Pubdate: Wed, 01 Mar 2017
Source: Calgary Herald (CN AB)
Copyright: 2017 Postmedia Network
Author: Bill Kaufmann
Page: A3


Canada's use of methadone to treat fentanyl and other opioid abuse is
dangerous and outdated, says a substance-abuse expert gathered with
others in Banff mapping out addiction strategies.

Canada should follow other countries, including the U.S., that have
moved toward using another drug, buprenorphine/naloxone to manage
opioid addiction, said Dr. Cam Wild of the School of Public Health at
the University of Alberta.

"Canada has fallen behind other countries in treatment - in many
places, Suboxone is the first line of care," said Wild, using
buprenorphine/naloxone's brand name.

Suboxone, he said, has proven much less lethal than methadone in
jurisdictions where it's been publicly used.

"It has much less ability to kill people … so we can convince the
approval and treatment systems to update," said Wild, who chaired the
meeting of about 40 experts in Banff.

Also risky is the too-commonly-used approach of cold turkey in ending
individual addictions, he said.

The comments came amid an accelerating death toll from the use of
synthetic opioid fentanyl, which killed 343 people in Alberta last
year, a third of them in the final quarter of 2016.

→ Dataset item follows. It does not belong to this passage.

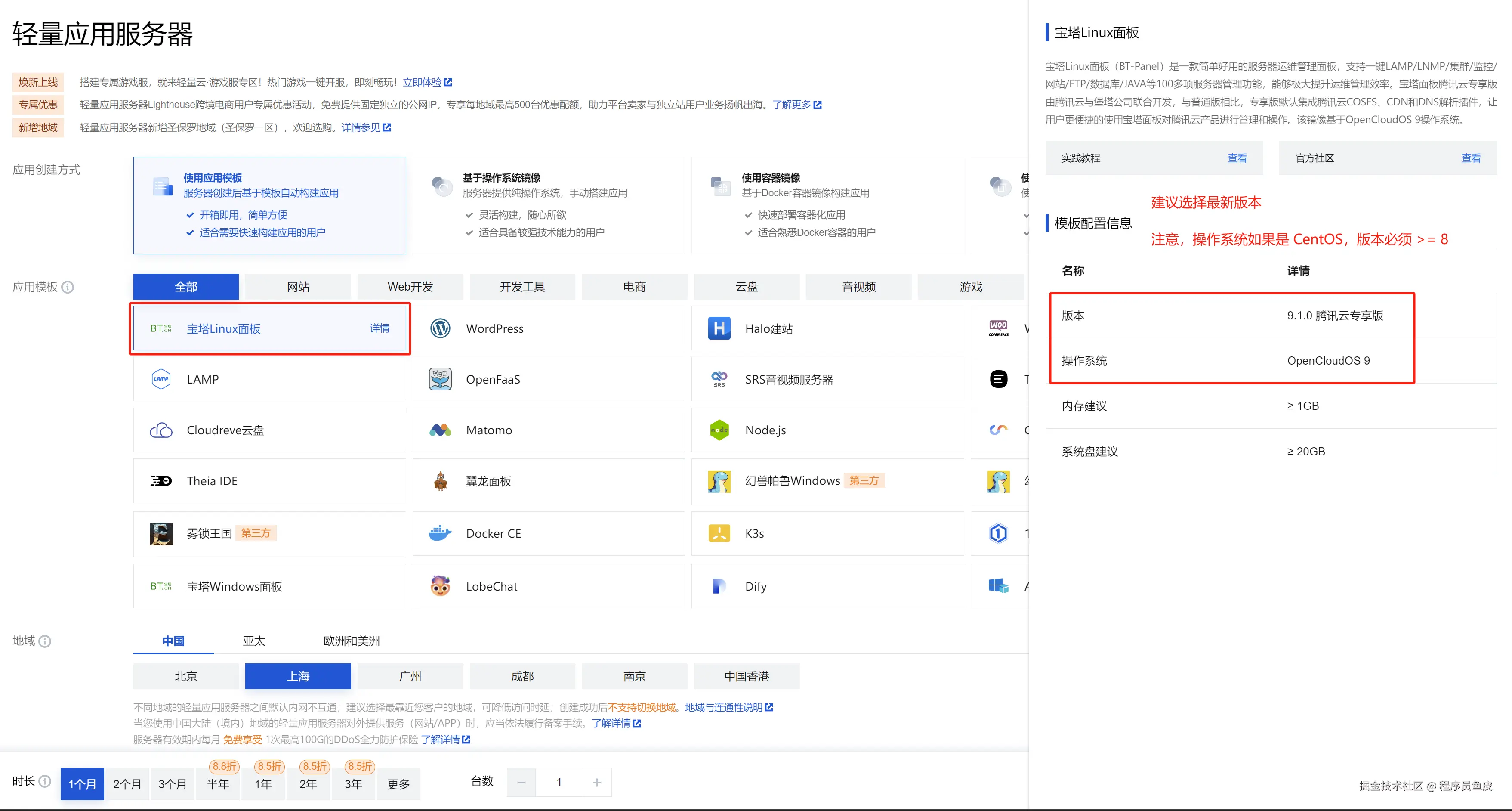 鱼皮这里选择一台预装了宝塔 Linux 应用的轻量应用服务器,配置为 2 核 2 G,部署咱们的项目足够了。应用模板一般选择最新版本就好了,如下图:

Wild called it an emergency but said the province's refusal to declare
it one is less important than the work it seems to be doing in
combating the scourge.

But one of the reasons Canada has fallen behind is due to the longtime
lack of a national network to tackle drug misuse issues.

Two years ago, the Canadian Research Initiative in Substance Misuse
(CRISM) was created to do just that and is preparing to launch a
nationwide study comparing the merits of methadone and Suboxone.

It will recruit 300 patients to take part in the study, about 70 of
them in Alberta, said Wild, who's part of the 500-member CRISM.

"It's the first time methadone and Suboxone will be compared
head-to-head," he said of the study expected to begin this spring.

Alberta, he said, could also gain from safe injection or ingestion
sites that have proven a success in places such as Vancouver.

Such measures allow addicts to access treatment networks in addition
to plying their habits more safely, said Wild.